[Data below Boundary: Start]

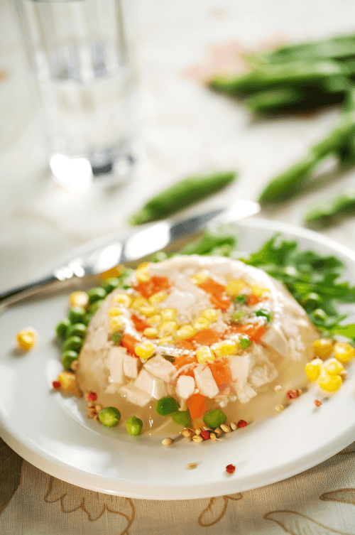 Замочите желатин в чашке с холодной водой, обычно на литр желе требуется 30 грамм желатина, но вы все же сверьтесь с инструкцией на упаковке. Пока желатин размокает, разогрейте бульон почти до кипения и вмешайте в него желатин. Уберите посуду с огня и дайте будущему желе остыть, иногда перемешивая.
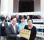 約30名家長昨午帶同寫有「愧對家長」、「教不賢,師之惰」、「不要撒野、勿再利用孩子」等字眼的標語及橫額,依次到沙田官立中學、香港中文大學及香港大學請願。
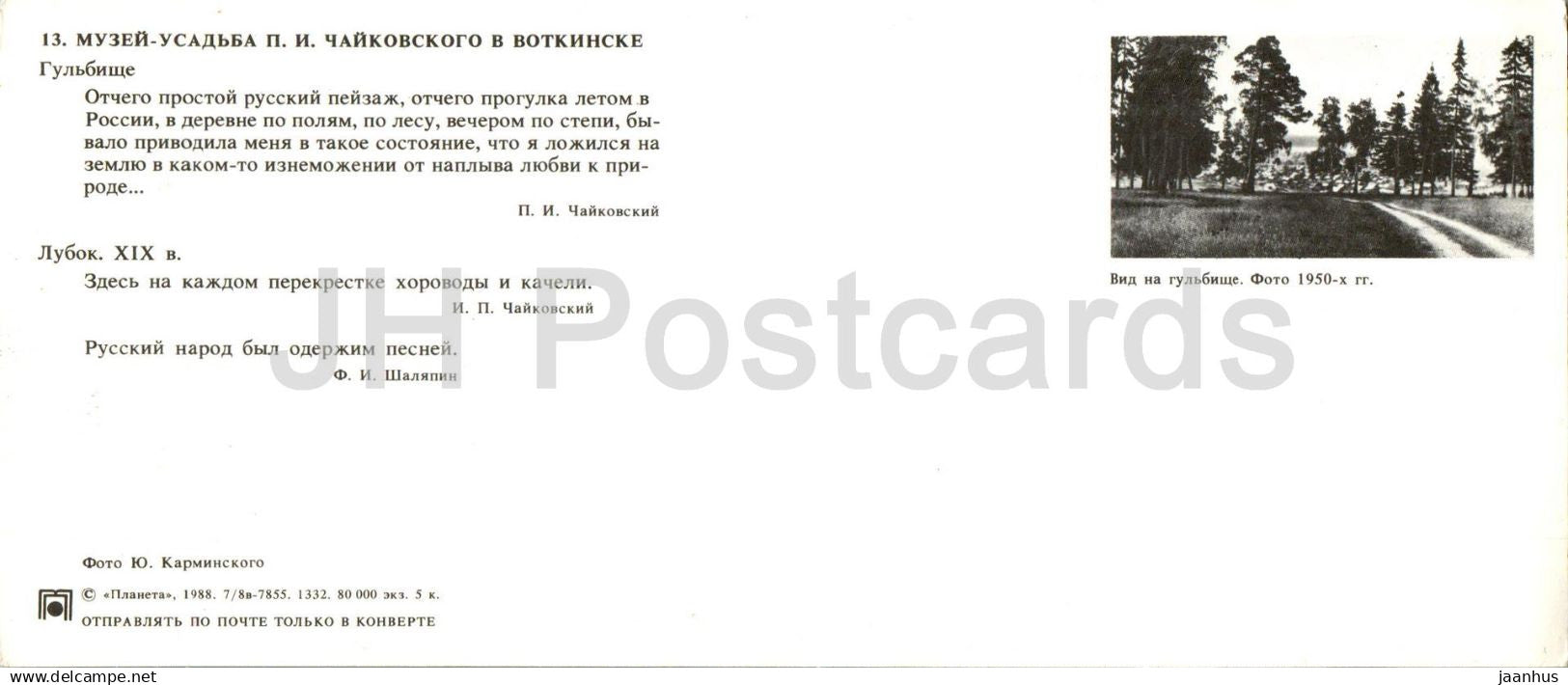 Votkinsk - Tchaikovsky museum - place for walking - Lubok - illustration - 1988 - Russia USSR - unused
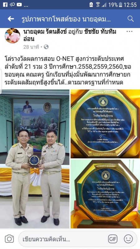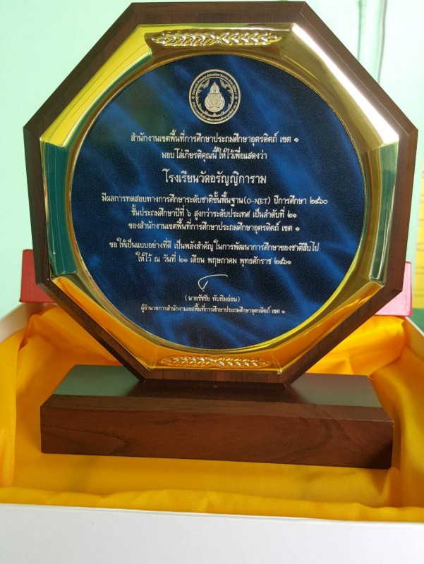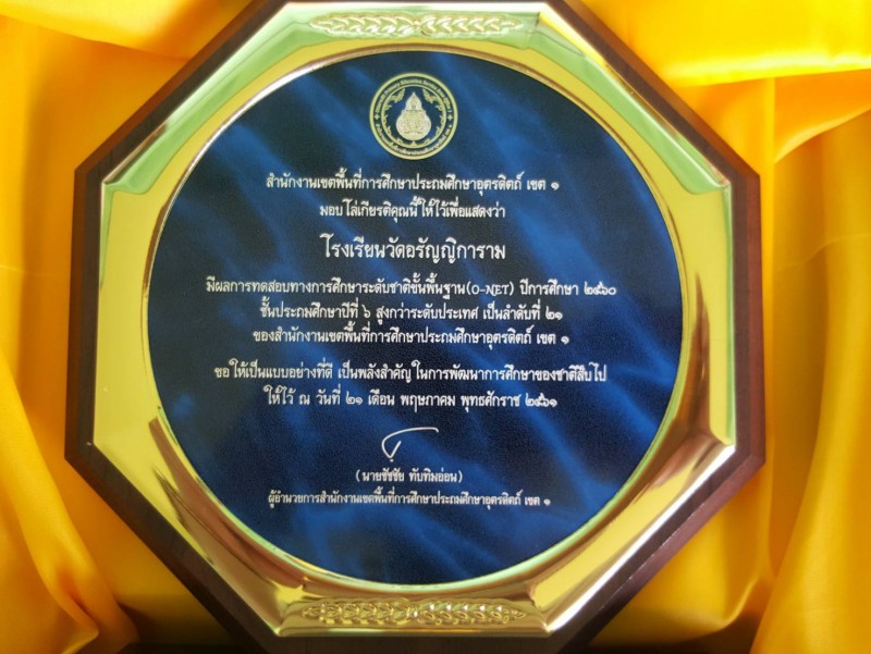ผอ.อุดม รัตนสังข์รับโล่รางวัลโรงเรียนวัดอรัญญิการามมีผลการทดสอบระดับชาติ onet. ชั้นประถมศึกษาปีที่6

[Data below Boundary: End]

■ Assignment ■
Once the pictures are set aside, please output all the data word for word.

■ Response to the exercise ■
 Замочите желатин в чашке с холодной водой, обычно на литр желе требуется 30 грамм желатина, но вы все же сверьтесь с инструкцией на упаковке. Пока желатин размокает, разогрейте бульон почти до кипения и вмешайте в него желатин. Уберите посуду с огня и дайте будущему желе остыть, иногда перемешивая.
 約30名家長昨午帶同寫有「愧對家長」、「教不賢,師之惰」、「不要撒野、勿再利用孩子」等字眼的標語及橫額,依次到沙田官立中學、香港中文大學及香港大學請願。
 Votkinsk - Tchaikovsky museum - place for walking - Lubok - illustration - 1988 - Russia USSR - unused
ผอ.อุดม รัตนสังข์รับโล่รางวัลโรงเรียนวัดอรัญญิการามมีผลการทดสอบระดับชาติ onet. ชั้นประถมศึกษาปีที่6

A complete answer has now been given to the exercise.